-- Recorded data --

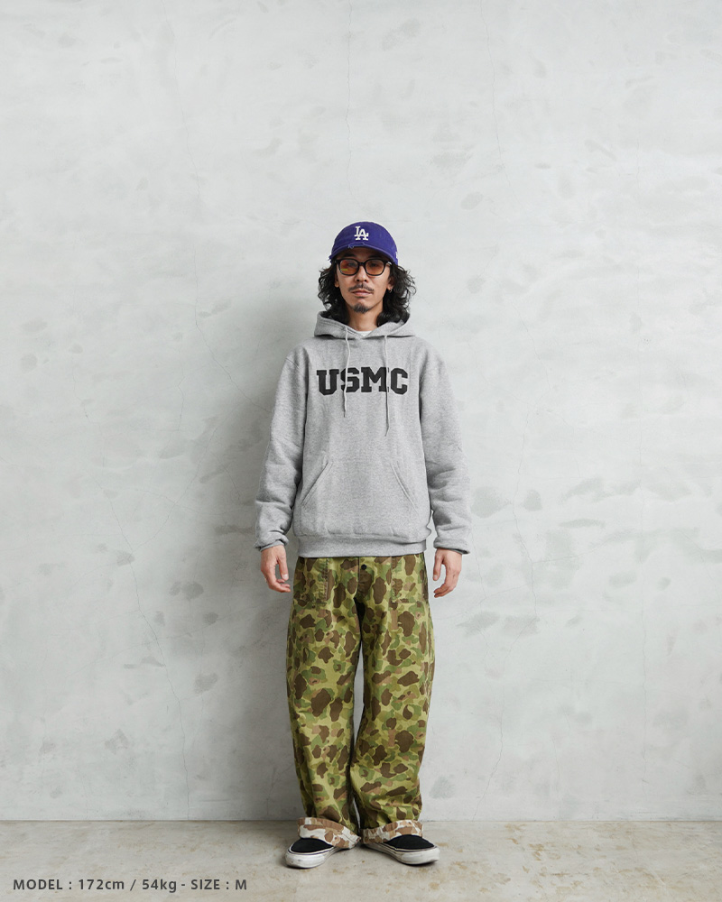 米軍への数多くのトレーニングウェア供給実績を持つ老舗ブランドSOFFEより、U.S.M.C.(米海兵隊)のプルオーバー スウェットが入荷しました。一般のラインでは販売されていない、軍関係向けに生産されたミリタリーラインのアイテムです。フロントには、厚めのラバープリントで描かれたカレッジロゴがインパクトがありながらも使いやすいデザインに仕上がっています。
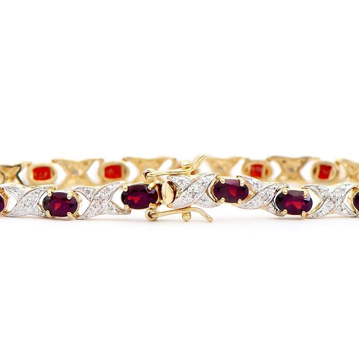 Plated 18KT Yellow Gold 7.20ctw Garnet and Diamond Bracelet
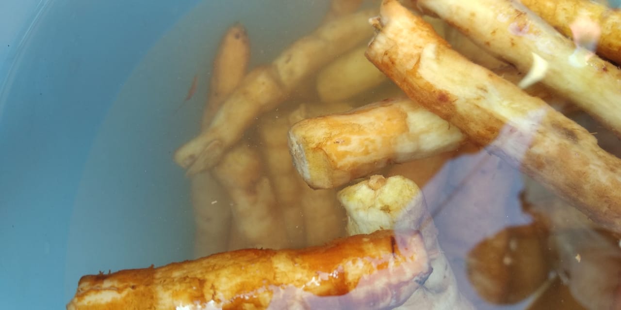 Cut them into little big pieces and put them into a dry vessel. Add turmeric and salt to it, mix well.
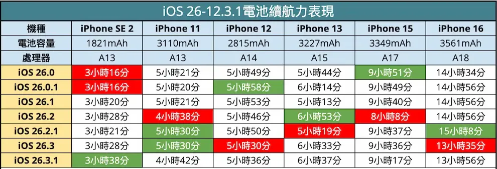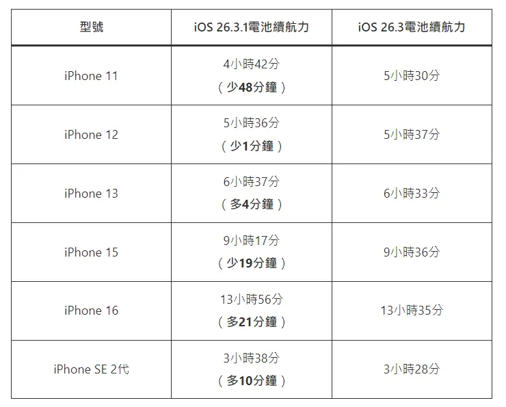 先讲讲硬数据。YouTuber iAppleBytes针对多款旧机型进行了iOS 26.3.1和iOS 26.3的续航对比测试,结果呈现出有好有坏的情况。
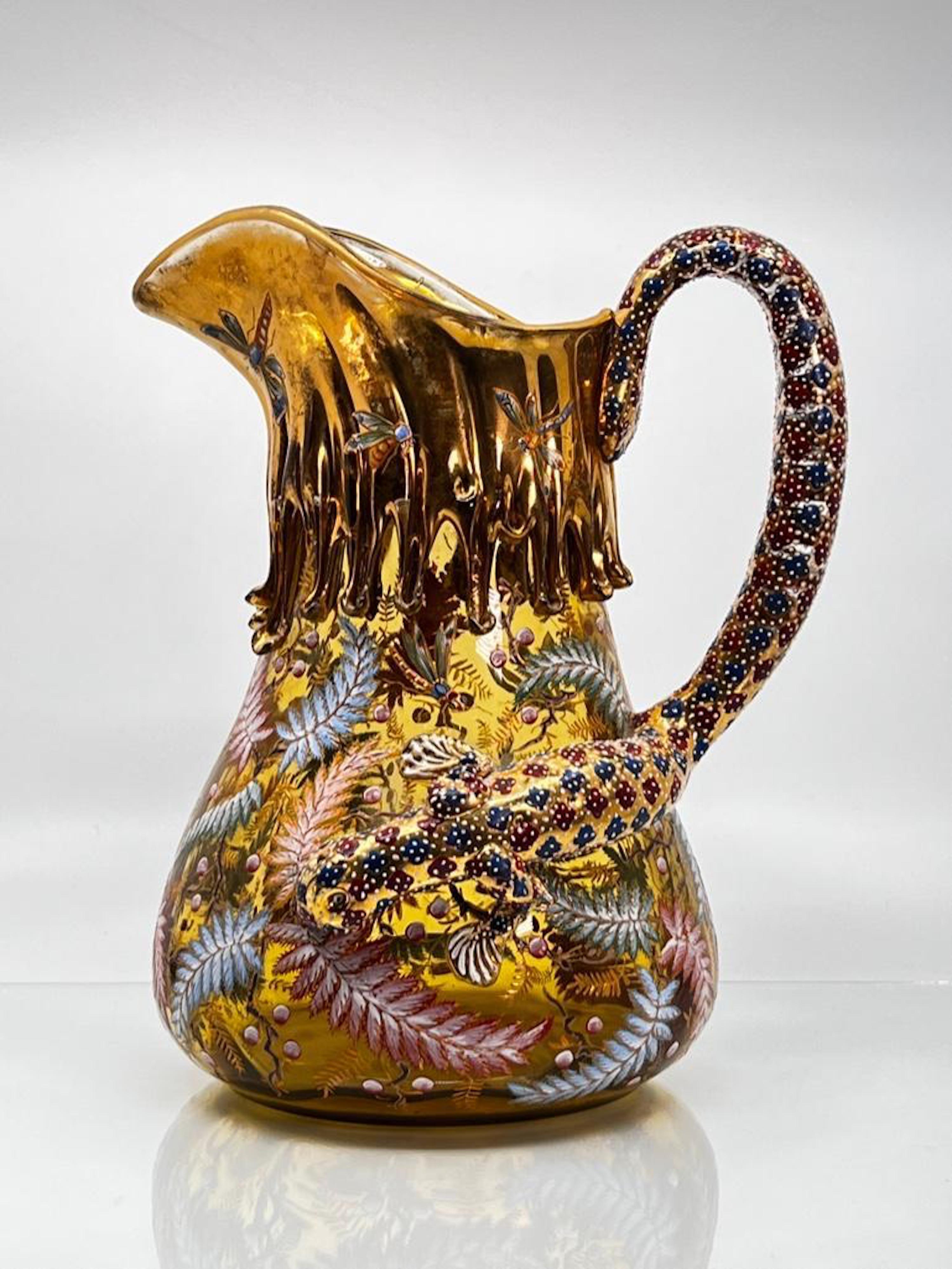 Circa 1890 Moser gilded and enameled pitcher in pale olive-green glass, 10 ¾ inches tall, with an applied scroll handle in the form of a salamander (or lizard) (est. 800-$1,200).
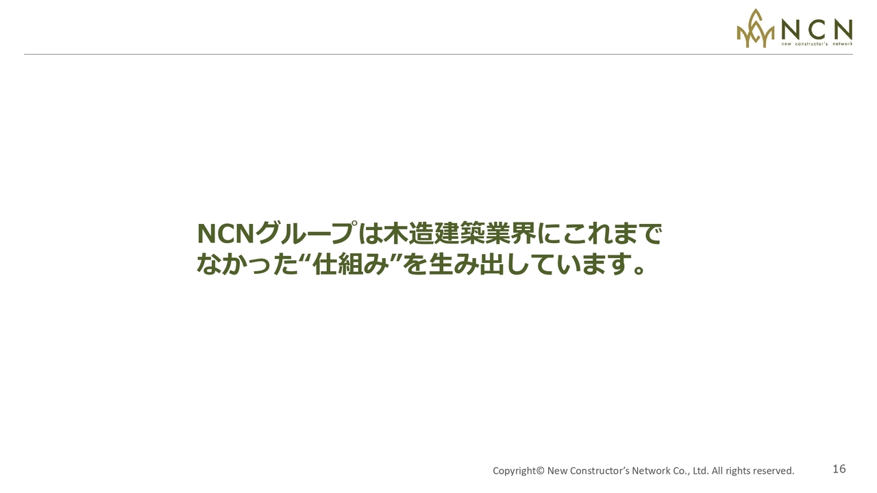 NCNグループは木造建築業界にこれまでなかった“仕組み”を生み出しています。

-- Activity --
Restate the listing above word for word. Leave the images out.

-- Result below --
 米軍への数多くのトレーニングウェア供給実績を持つ老舗ブランドSOFFEより、U.S.M.C.(米海兵隊)のプルオーバー スウェットが入荷しました。一般のラインでは販売されていない、軍関係向けに生産されたミリタリーラインのアイテムです。フロントには、厚めのラバープリントで描かれたカレッジロゴがインパクトがありながらも使いやすいデザインに仕上がっています。
 Plated 18KT Yellow Gold 7.20ctw Garnet and Diamond Bracelet
 Cut them into little big pieces and put them into a dry vessel. Add turmeric and salt to it, mix well.
 先讲讲硬数据。YouTuber iAppleBytes针对多款旧机型进行了iOS 26.3.1和iOS 26.3的续航对比测试,结果呈现出有好有坏的情况。
 Circa 1890 Moser gilded and enameled pitcher in pale olive-green glass, 10 ¾ inches tall, with an applied scroll handle in the form of a salamander (or lizard) (est. 800-$1,200).
 NCNグループは木造建築業界にこれまでなかった“仕組み”を生み出しています。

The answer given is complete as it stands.